На сей раз антракт проходил совсем неплохо. Жюстен не слишком часто думал о законченной работе, не допускал ее больше в свою жизнь и добросовестно отдыхал. Даже был положительно доволен и весьма хорошо себя чувствовал. Дом Бланш очень и очень помог ему сносно провести эти минуты, которых он так боялся. «А потом, – думал он, сидя на корточках возле розовых кустов и машинально отсчитывая глазки, – а потом в машину и поеду прокатиться…» Возможно даже, он доедет до кемпинга «Дохлая лошадь», как решил еще накануне… После рассказов метрдотеля Антуана и после встречи с бароном он взглянет на кемпинг совсем другими глазами.

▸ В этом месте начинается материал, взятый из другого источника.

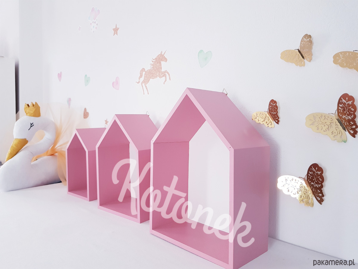 Półki domki to doskonały dodatek do każdego pomieszczenia. Idealnie sprawdzą się w pokoju dziecięcym. Dzięki szerokiej gammie kolorów wkomponują się w styl każdego wnętrza, a wzornik, który ciągle aktualizujemy

Но весь этот серенький тихий денек Жюстен провел в саду… Он даже удивился, когда появилась мадам Вавэн: как, неужели уже полдень? А вы, я вижу, мсье Мерлэн, порядок наводите! С садом возни не оберешься, никогда всех дел не переделаешь, совсем как в хозяйстве… Сейчас она оправит постель, уберет немножко в комнатах… Провизию она, как и всегда, оставит на кухне, пусть уж мсье Мерлэн не взыщет: к ней привезли погостить маленькую племянницу, и неизвестно, что эта девица способна выкинуть без присмотра…
– Ладно, мадам Вавэн, можете не задерживаться… только оправьте постель, и больше ничего не надо…
Уже вечерело, когда Жюстен решил наконец расстаться с садом, где пробыл целый день. Он наскоро привел себя в порядок и добрался до кемпинга «Дохлая лошадь» только к ночи.
Жюстен остановил машину возле дома, возле того самого белого куба, на одной из дверей которого красовалась вывеска «Бар».
Н-да, место не из веселых, а сейчас, ночью, даже, пожалуй, страшное. Казалось, перед вами бивуак, покинутый бежавшими с поля брани воинами, или, быть может, их всех перебили?… Казалось, перед вами старинные могильники, разрытые археологами в поисках следов умерших цивилизаций… Казалось, перед вами стойбище, брошенное по загадочным причинам, то ли его опустошил мор, то ли ушли куда-то люди… Насквозь промокшие палатки окончательно утратили свой первоначальный цвет под струйками грязной воды, которая все еще стекала с полотнищ, и уже не могли теперь служить защитой от дождя, должно быть, протекали… Жюстен приподнял полотнище, прикрывавшее вход в палатку, и действительно, земля внутри была ничуть не суше, чем снаружи, пожалуй, даже еще мокрее, словно палатку и поставили здесь специально для того, чтобы уберечь натекшие внутри лужи. От стоящих в ряд ватерклозетов с распахнутыми, хлопающими по ветру дверьми, шло зловоние, и это несостоявшееся Эльдорадо стало Жюстену вдвойне противно. Зато бассейн выглядел куда приличнее, дождевая вода, светлая, чистая, скрыла растрескавшееся цементное дно… Жюстен не пошел к большим коричневым палаткам, оставленным американской армией… От всего этого попахивало мертвечиной. Акционерное общество «Дохлая лошадь» мошенничало, что называется, с размахом. Взять хотя бы количество имеющихся здесь палаток! Хозяева, очевидно, не желали терять ни дюйма земли. Получился настоящий лабиринт с узенькими проходами, похожими на улочки в старинных городах. Весь пейзаж был закрыт брезентом, жестким брезентом цвета старого мешка из-под картошки, с потеками от воды… Проплутав между этими брезентовыми стенами, Жюстен выбрался на дорогу: ему хотелось получше рассмотреть павильончик, который он заметил еще в прошлый раз.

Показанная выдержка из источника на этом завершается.